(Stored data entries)
....................
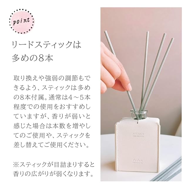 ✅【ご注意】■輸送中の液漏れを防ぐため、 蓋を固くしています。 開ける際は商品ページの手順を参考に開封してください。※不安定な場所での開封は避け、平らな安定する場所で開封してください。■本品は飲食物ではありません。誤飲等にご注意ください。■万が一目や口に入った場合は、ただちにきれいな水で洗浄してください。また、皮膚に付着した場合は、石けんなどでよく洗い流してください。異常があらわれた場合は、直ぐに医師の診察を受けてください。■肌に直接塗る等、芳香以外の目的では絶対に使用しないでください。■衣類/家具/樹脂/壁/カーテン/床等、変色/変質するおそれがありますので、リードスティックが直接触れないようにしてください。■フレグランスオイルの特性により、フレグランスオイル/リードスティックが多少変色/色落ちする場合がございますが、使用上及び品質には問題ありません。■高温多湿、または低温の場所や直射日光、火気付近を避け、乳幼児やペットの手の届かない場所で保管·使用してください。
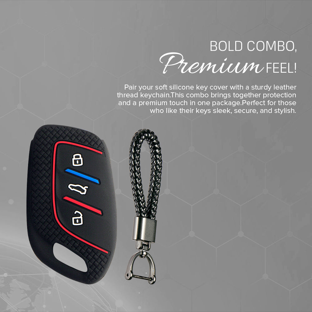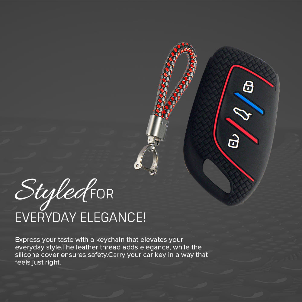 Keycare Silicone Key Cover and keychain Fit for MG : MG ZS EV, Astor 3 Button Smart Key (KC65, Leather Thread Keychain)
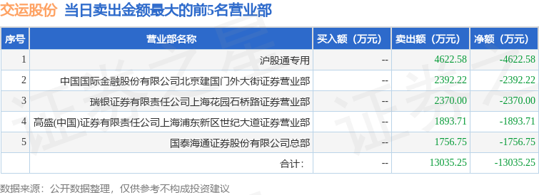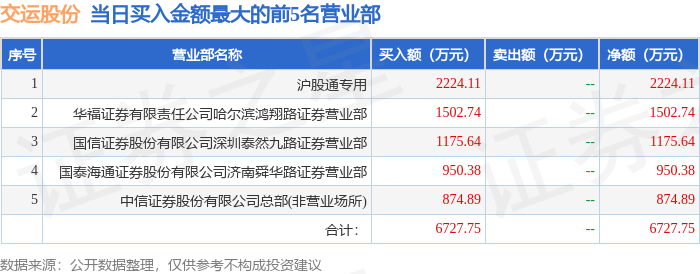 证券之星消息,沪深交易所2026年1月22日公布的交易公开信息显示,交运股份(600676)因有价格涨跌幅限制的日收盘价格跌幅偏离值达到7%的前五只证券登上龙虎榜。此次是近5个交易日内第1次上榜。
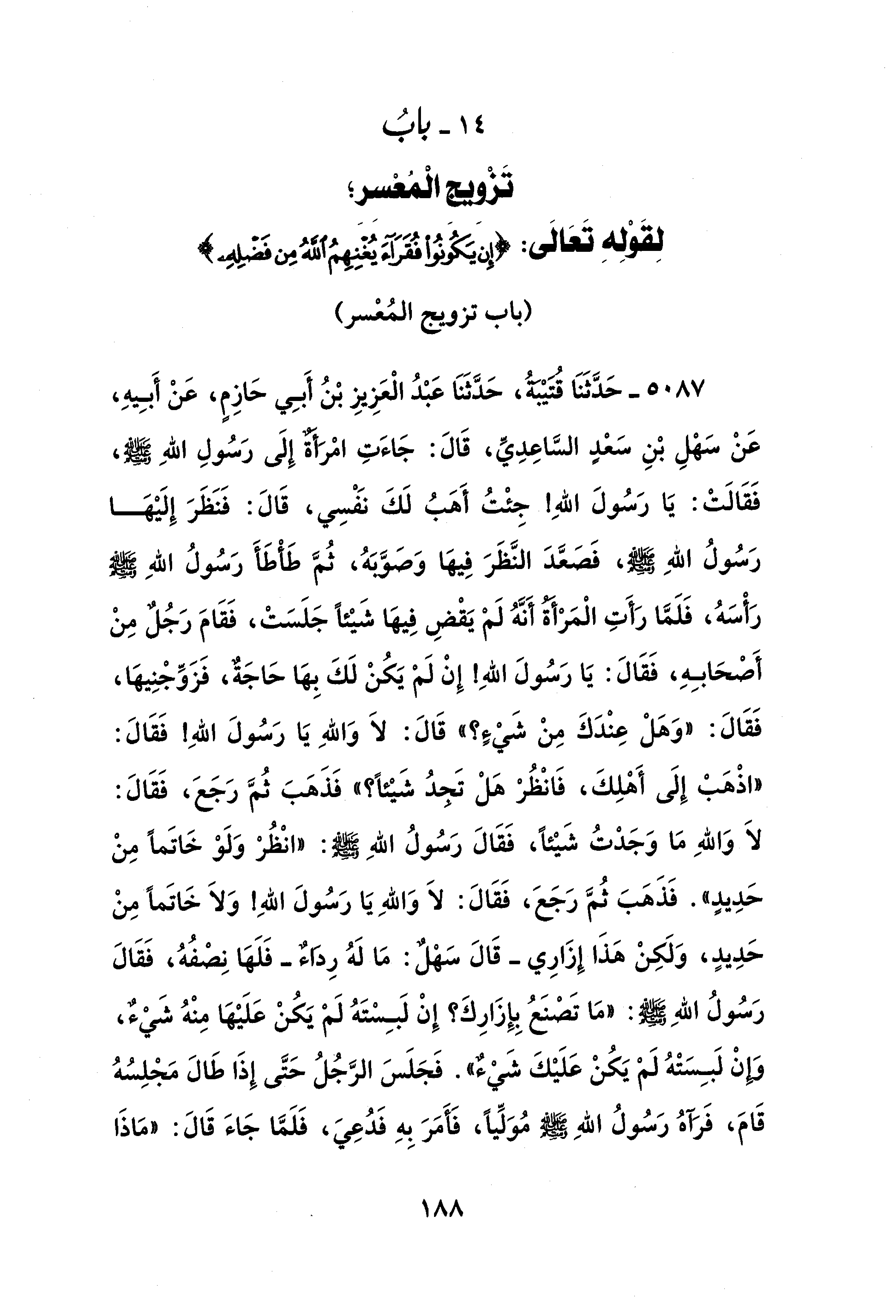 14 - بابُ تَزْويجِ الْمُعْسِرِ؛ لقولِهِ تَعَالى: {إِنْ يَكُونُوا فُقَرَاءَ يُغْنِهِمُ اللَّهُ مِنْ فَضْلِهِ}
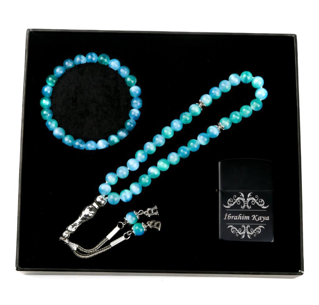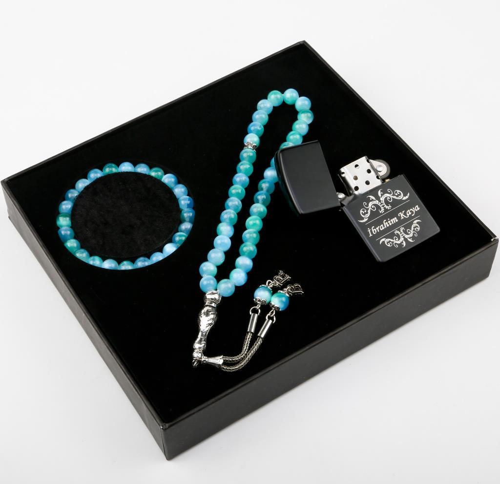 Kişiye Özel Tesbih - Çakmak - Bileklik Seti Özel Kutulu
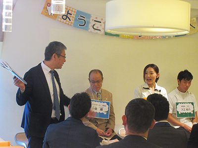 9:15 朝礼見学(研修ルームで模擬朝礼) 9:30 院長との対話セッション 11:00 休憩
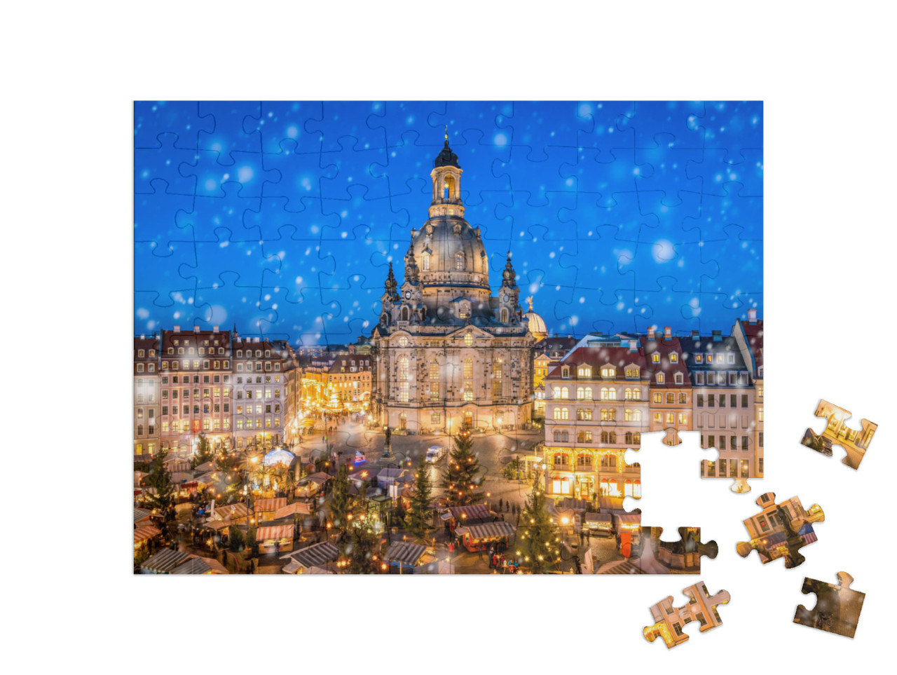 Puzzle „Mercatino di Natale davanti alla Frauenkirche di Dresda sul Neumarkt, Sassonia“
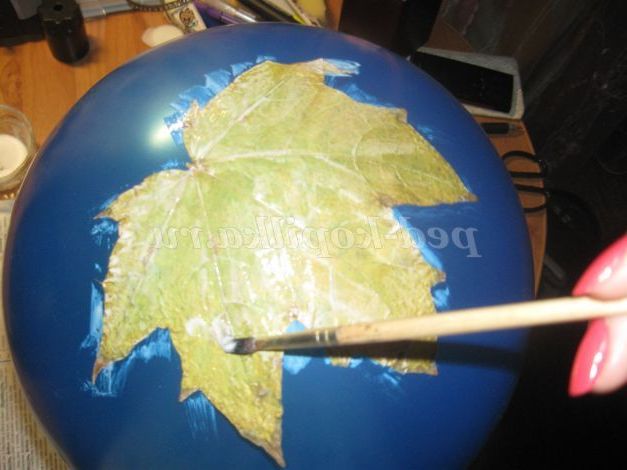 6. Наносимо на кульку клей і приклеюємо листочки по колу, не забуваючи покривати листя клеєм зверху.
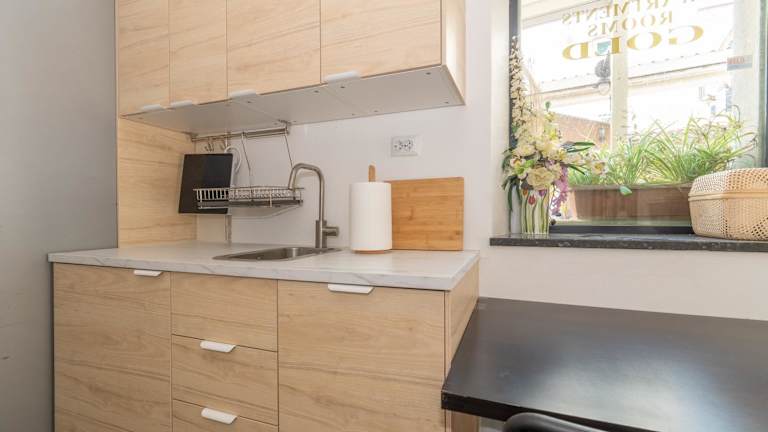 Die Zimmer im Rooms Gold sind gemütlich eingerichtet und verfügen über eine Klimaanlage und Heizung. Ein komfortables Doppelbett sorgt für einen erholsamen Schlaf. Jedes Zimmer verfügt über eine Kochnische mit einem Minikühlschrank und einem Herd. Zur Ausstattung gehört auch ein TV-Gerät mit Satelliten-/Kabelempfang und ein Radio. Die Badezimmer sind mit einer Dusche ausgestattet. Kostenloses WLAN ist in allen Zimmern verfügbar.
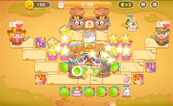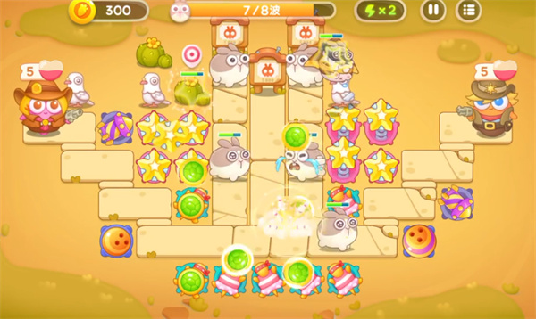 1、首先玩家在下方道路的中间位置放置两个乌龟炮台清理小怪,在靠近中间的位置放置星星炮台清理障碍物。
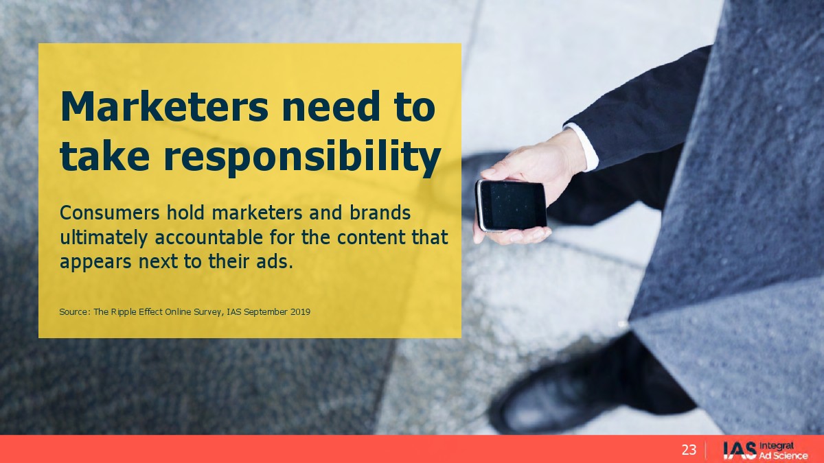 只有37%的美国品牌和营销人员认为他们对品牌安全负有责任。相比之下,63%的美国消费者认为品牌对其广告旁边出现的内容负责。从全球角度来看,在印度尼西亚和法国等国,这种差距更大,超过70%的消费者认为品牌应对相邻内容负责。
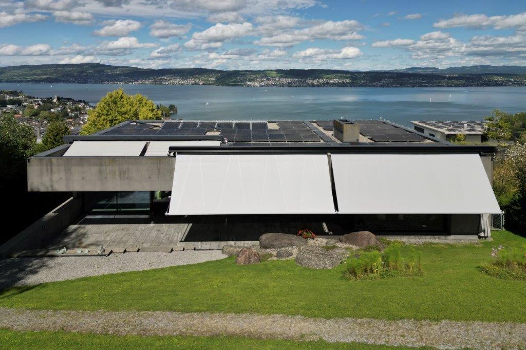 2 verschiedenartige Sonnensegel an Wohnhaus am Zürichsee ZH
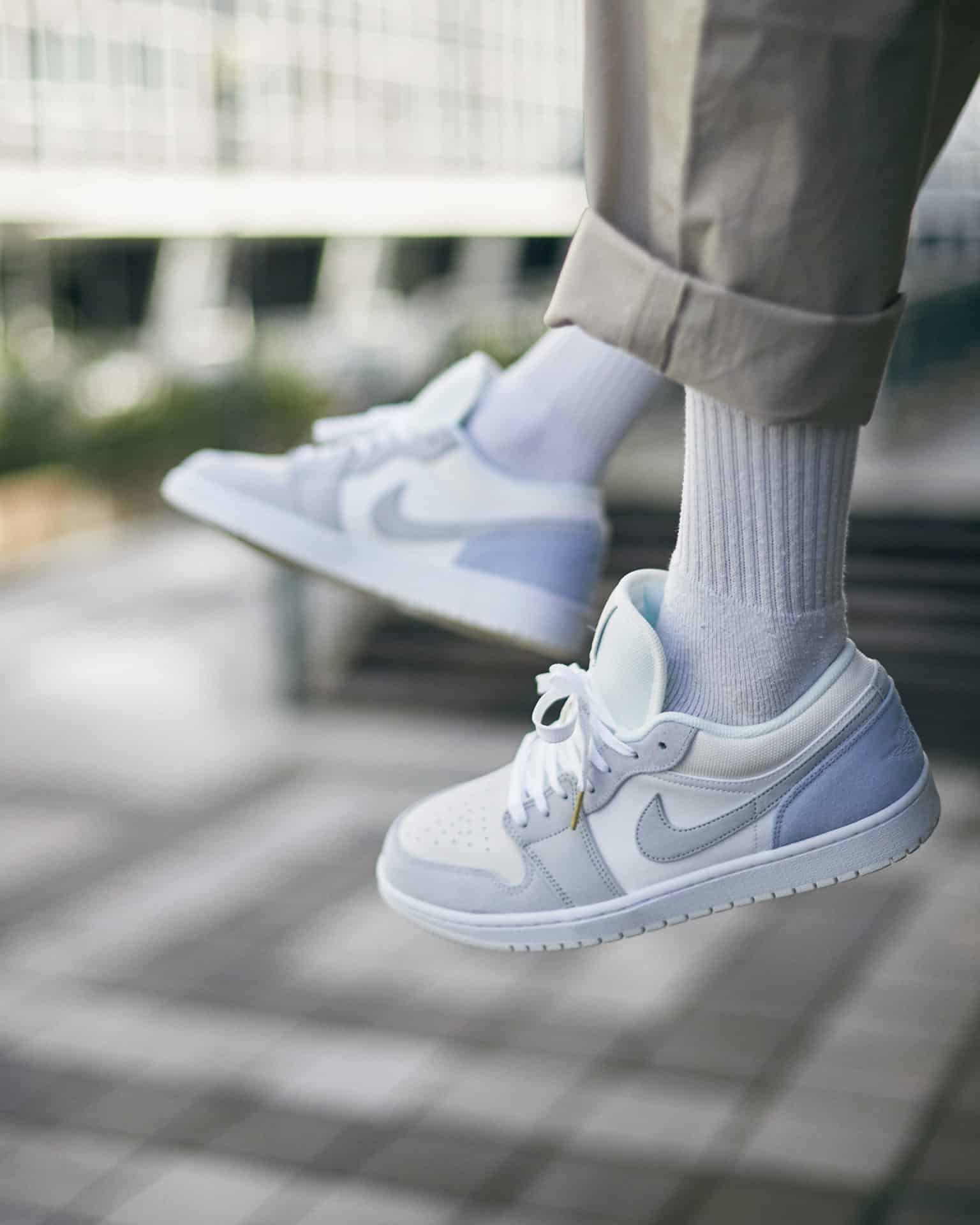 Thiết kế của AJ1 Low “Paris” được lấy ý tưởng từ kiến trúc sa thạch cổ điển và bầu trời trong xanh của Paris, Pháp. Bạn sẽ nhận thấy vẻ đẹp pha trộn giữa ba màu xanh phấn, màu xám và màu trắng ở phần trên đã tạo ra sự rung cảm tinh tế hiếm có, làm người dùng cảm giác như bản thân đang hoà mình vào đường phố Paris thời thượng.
....................
Print exactly the line containing "2 verschiedenartige Sonnensegel" and every line after it through the final line above, and leave all pictures out.

 2 verschiedenartige Sonnensegel an Wohnhaus am Zürichsee ZH
 Thiết kế của AJ1 Low “Paris” được lấy ý tưởng từ kiến trúc sa thạch cổ điển và bầu trời trong xanh của Paris, Pháp. Bạn sẽ nhận thấy vẻ đẹp pha trộn giữa ba màu xanh phấn, màu xám và màu trắng ở phần trên đã tạo ra sự rung cảm tinh tế hiếm có, làm người dùng cảm giác như bản thân đang hoà mình vào đường phố Paris thời thượng.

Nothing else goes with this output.